__Problem statement__
Your answer should consist of the lines below that hold the word "those".

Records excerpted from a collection
--- START ---
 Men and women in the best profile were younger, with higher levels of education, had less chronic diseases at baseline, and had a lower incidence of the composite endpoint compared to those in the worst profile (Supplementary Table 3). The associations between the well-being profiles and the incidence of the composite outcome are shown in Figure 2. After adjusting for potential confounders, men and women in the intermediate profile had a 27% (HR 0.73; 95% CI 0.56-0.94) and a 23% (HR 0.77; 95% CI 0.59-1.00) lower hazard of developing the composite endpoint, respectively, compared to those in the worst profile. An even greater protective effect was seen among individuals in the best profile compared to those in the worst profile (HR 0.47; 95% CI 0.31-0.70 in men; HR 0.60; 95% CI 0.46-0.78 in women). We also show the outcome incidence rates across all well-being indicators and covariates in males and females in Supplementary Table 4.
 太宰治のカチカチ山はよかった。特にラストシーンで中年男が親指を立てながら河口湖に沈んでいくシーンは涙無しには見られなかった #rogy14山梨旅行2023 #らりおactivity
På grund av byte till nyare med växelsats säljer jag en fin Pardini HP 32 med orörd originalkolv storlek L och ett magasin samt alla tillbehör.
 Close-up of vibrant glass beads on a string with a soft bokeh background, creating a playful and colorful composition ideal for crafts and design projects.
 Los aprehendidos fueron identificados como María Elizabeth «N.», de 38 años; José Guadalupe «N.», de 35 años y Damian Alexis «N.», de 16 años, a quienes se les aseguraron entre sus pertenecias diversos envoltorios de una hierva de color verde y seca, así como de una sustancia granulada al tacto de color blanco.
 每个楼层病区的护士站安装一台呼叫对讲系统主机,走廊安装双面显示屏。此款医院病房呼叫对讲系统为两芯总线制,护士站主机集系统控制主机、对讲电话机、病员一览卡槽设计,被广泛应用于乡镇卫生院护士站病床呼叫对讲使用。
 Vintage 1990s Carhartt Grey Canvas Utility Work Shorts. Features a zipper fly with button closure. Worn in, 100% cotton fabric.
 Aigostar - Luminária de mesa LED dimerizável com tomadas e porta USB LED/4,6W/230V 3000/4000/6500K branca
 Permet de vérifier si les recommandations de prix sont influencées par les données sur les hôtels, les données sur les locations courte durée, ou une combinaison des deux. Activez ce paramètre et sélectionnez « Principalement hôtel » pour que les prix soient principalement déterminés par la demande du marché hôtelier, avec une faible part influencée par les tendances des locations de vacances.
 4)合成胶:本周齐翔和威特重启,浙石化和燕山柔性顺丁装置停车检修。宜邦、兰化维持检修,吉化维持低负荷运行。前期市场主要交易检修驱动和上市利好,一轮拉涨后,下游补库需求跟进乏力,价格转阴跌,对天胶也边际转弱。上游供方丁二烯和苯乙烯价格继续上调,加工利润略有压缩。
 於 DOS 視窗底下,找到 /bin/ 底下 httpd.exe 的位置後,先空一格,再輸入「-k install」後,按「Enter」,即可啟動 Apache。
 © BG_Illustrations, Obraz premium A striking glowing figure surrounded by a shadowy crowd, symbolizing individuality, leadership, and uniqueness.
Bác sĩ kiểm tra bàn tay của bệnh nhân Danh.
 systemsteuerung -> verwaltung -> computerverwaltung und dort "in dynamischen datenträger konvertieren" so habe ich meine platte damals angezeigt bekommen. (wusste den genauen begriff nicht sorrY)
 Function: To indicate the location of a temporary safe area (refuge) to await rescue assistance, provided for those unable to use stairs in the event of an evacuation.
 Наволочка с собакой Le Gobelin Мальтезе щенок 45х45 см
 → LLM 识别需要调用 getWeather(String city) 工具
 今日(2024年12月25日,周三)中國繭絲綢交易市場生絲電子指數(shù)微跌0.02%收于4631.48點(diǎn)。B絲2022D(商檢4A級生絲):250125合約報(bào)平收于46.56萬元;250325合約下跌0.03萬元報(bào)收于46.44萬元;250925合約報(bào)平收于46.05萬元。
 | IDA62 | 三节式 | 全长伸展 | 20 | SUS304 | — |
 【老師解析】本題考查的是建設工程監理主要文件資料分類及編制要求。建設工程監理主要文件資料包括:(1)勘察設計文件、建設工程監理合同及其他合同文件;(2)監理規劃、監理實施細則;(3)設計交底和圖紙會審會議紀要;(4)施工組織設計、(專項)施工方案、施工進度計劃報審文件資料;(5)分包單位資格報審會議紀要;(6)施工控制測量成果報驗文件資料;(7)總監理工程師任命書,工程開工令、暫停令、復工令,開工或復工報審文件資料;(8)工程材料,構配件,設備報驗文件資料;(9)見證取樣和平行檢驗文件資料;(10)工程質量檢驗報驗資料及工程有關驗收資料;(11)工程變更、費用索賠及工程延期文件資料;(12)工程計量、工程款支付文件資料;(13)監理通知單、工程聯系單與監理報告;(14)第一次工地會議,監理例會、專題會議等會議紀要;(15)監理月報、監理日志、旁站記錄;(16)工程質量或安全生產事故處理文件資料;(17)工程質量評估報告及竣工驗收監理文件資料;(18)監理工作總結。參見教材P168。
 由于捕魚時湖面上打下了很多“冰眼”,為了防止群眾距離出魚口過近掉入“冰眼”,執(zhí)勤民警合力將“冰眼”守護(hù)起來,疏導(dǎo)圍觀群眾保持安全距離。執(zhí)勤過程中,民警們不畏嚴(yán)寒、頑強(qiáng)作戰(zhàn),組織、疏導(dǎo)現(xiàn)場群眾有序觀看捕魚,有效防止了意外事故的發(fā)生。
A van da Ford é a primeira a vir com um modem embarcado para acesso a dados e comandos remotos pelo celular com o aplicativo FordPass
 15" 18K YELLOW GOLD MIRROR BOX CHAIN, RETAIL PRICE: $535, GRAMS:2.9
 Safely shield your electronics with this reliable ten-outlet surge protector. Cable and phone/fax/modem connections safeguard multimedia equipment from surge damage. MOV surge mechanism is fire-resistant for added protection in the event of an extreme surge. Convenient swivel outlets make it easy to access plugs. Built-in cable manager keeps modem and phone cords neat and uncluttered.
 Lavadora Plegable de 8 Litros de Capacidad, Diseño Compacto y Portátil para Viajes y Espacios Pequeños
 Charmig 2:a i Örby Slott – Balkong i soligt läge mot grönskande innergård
--- END ---
__The answer__
 Men and women in the best profile were younger, with higher levels of education, had less chronic diseases at baseline, and had a lower incidence of the composite endpoint compared to those in the worst profile (Supplementary Table 3). The associations between the well-being profiles and the incidence of the composite outcome are shown in Figure 2. After adjusting for potential confounders, men and women in the intermediate profile had a 27% (HR 0.73; 95% CI 0.56-0.94) and a 23% (HR 0.77; 95% CI 0.59-1.00) lower hazard of developing the composite endpoint, respectively, compared to those in the worst profile. An even greater protective effect was seen among individuals in the best profile compared to those in the worst profile (HR 0.47; 95% CI 0.31-0.70 in men; HR 0.60; 95% CI 0.46-0.78 in women). We also show the outcome incidence rates across all well-being indicators and covariates in males and females in Supplementary Table 4.
 Function: To indicate the location of a temporary safe area (refuge) to await rescue assistance, provided for those unable to use stairs in the event of an evacuation.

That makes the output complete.